Но ведь куда-нибудь... где-нибудь она должна быть! В спальню я не заходил. Или заходил? Он отчетливо помнил, что выходил только в переднюю. Пешка могла упасть и закатиться под диван, и это вернее всего, как было не догадаться сразу! Он встал со внезапно нахлынувшей надеждой и радостью. Если найдется, то все сразу станет чудесно! Диван тяжелый, и сдвинуть его трудно, особенно при этой боли. Но и так, может быть, найдется, если пошарить под диваном чем-нибудь длинным, линейкой, палкой.

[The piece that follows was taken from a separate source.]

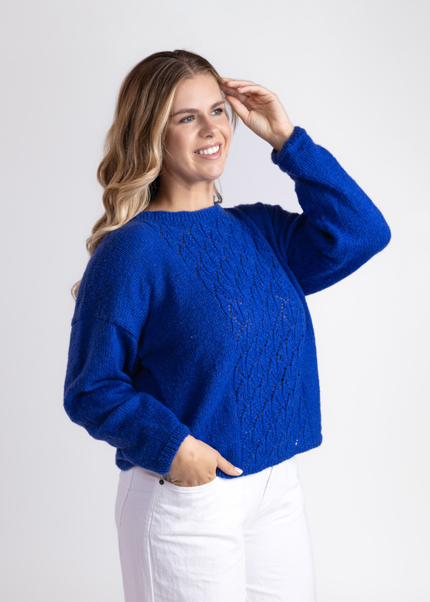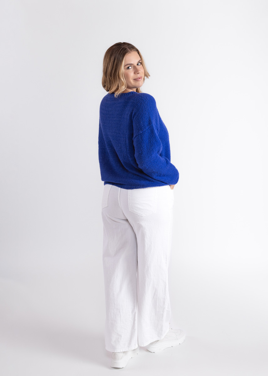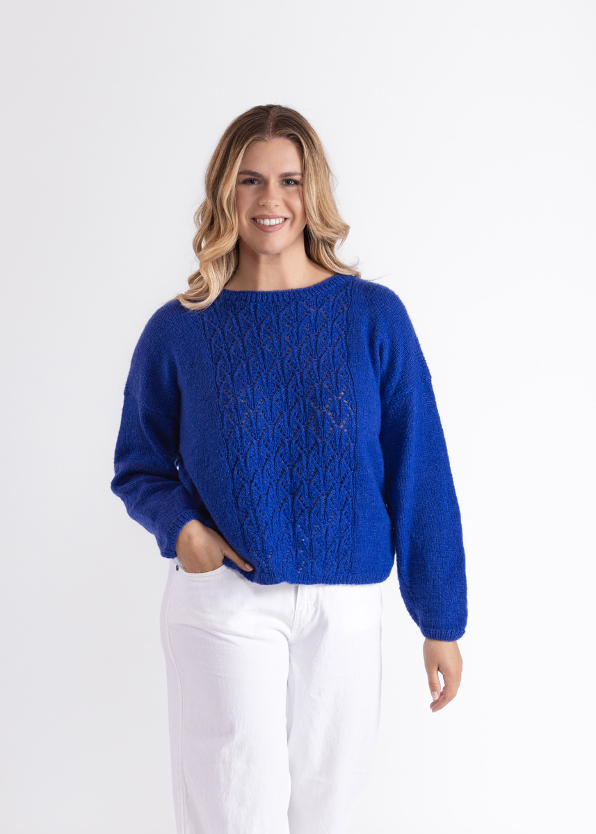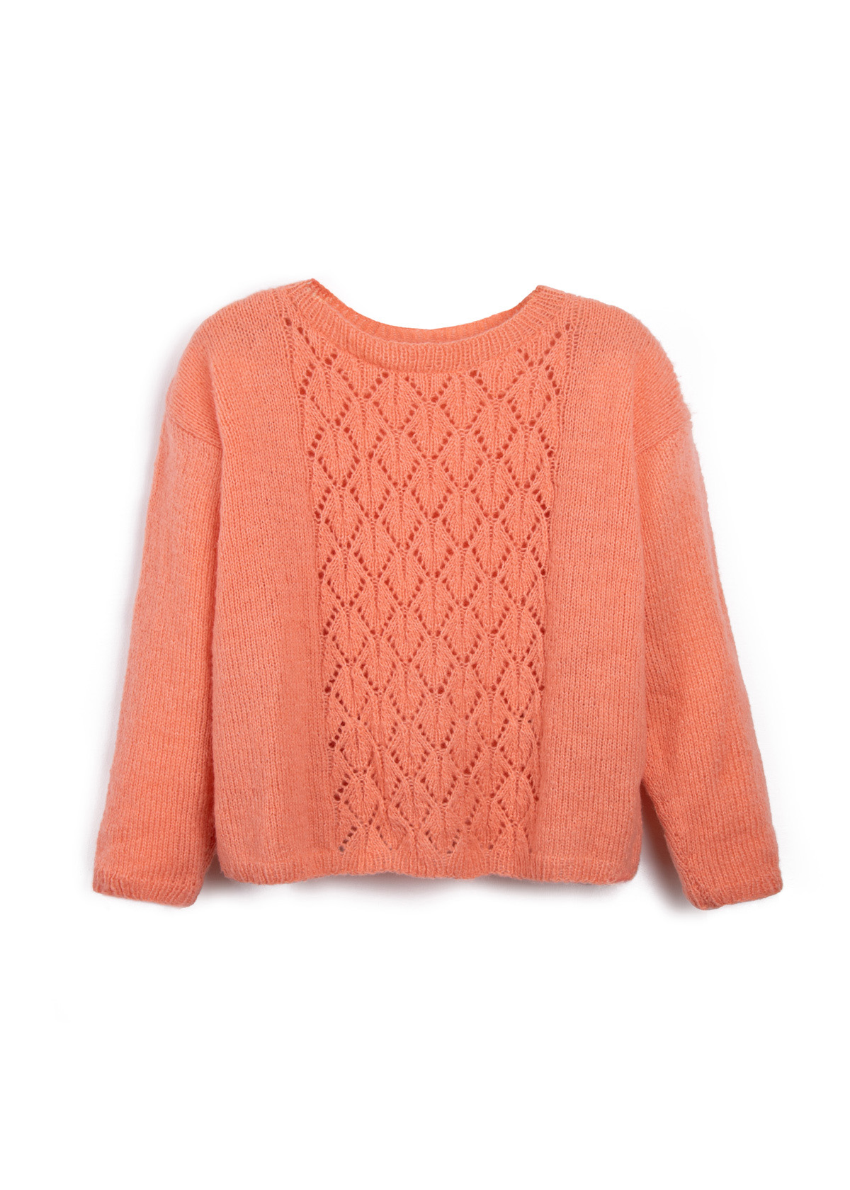 Der Pullover wird durchgehend mit doppeltem Faden gestrickt. Er hat eine Gesamtlänge von 53 (55 - 57 - 59 - 61 - 63) cm und eine Brustmehrweite von 22 cm bei 80 cm Brustumfang (18 cm bei 88 cm Brustumfang - 14 cm bei 96 cm Brustumfang - 14 cm bei 104 cm Brustumfang - 10 cm bei 116 cm Brustumfang - 10 cm bei 128 cm Brustumfang).
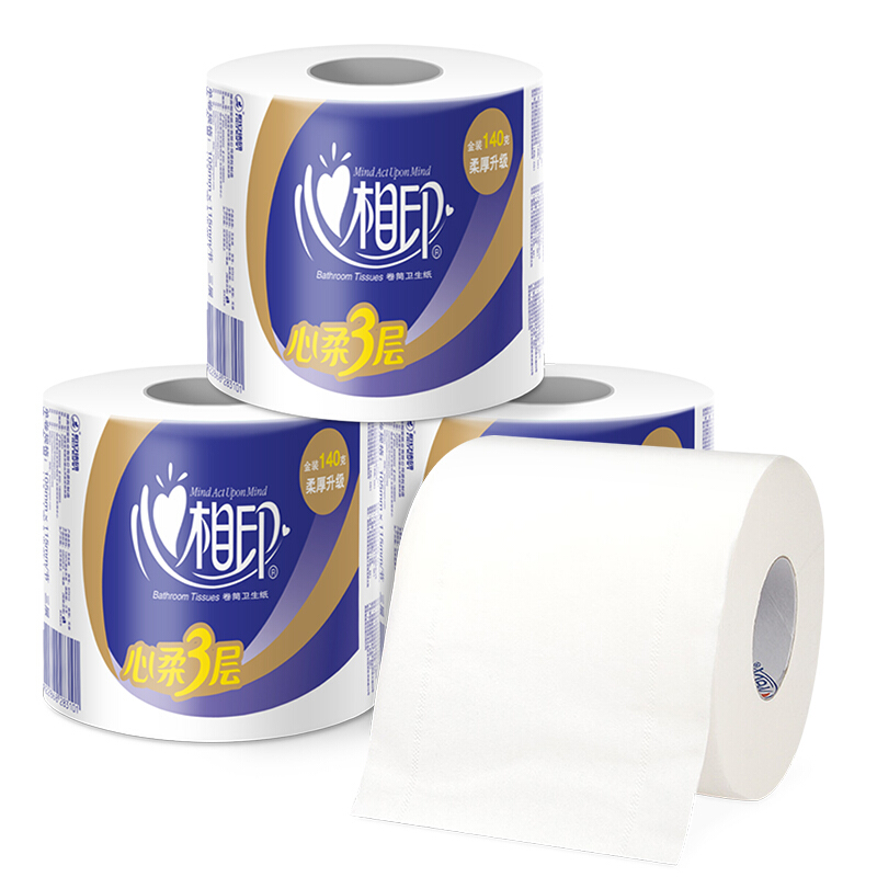 心相印卷纸 心柔系列 3层/4层140g 27卷卫生纸巾(冲水易降解 整箱销售)新旧品随机发货

Линейка стукнула и покатила легкий предмет. Была только одна секунда, и эта секунда была, во всяком случае, самой счастливой за все его существование, начиная с того времени, как два врача и профессор рассматривали туманную картину и кончая последними, полусознательными, минутами, когда мученья тела убивались морфием. Но линейка извлекла только упавший за диван прокуренный мундштук приятеля-доктора. В неудобном наклонном положении, стоя на коленях и заглядывая под диван, Убывалов довольно остро чувствовал боль, но не хотел отказаться от мысли найти пропавшую костяшку. От ковра пахло пылью. Больше ничего под диваном не было. Тогда он, не разгибаясь, прополз от дивана к книжному шкапу, хотя знал, что под ним нет щели и закатиться ничто не могло. Откуда-то попал на ковер гвоздик, о который больно накололась коленка. Убывалов поморщился, потер коленку и увидал над собой все те же портреты и книги; на темных корешках книг были вытиснены надписи, и все это давно потеряло смысл и прежнее значение. Отчаяние, так долго сторожившее в затемненном углу, решило наконец окончательно выползти на свет и напасть на человека, находившегося в такой смешной и неудобной для защиты позе. Из мягких ласковых лапок оно выпустило когти, впилось человеку в грудь и начало потихоньку ее раздирать. Это не сопровождалось никакой особенной болью, кроме обычной, но мысль человека резко оторвалась от белой костяшки и стала тупо ударяться в стены, в ковер, в потолок и в пустой череп. Шахматы спутались, стало невозможным следить за игрой, проигранной при всех условиях, в любой комбинации. И хотя человек, привыкший владеть собой, мог бы еще подняться, подойти к зеркалу и шутливо и печально поговорить со знакомыми, но это было ни к чему, и он, оставшись сидеть на ковре посреди комнаты, наклонил голову скрещенными пальцами и стал, покачиваясь, вглядываться в семью бронзовых зайчиков, прыгавших под его опущенными веками.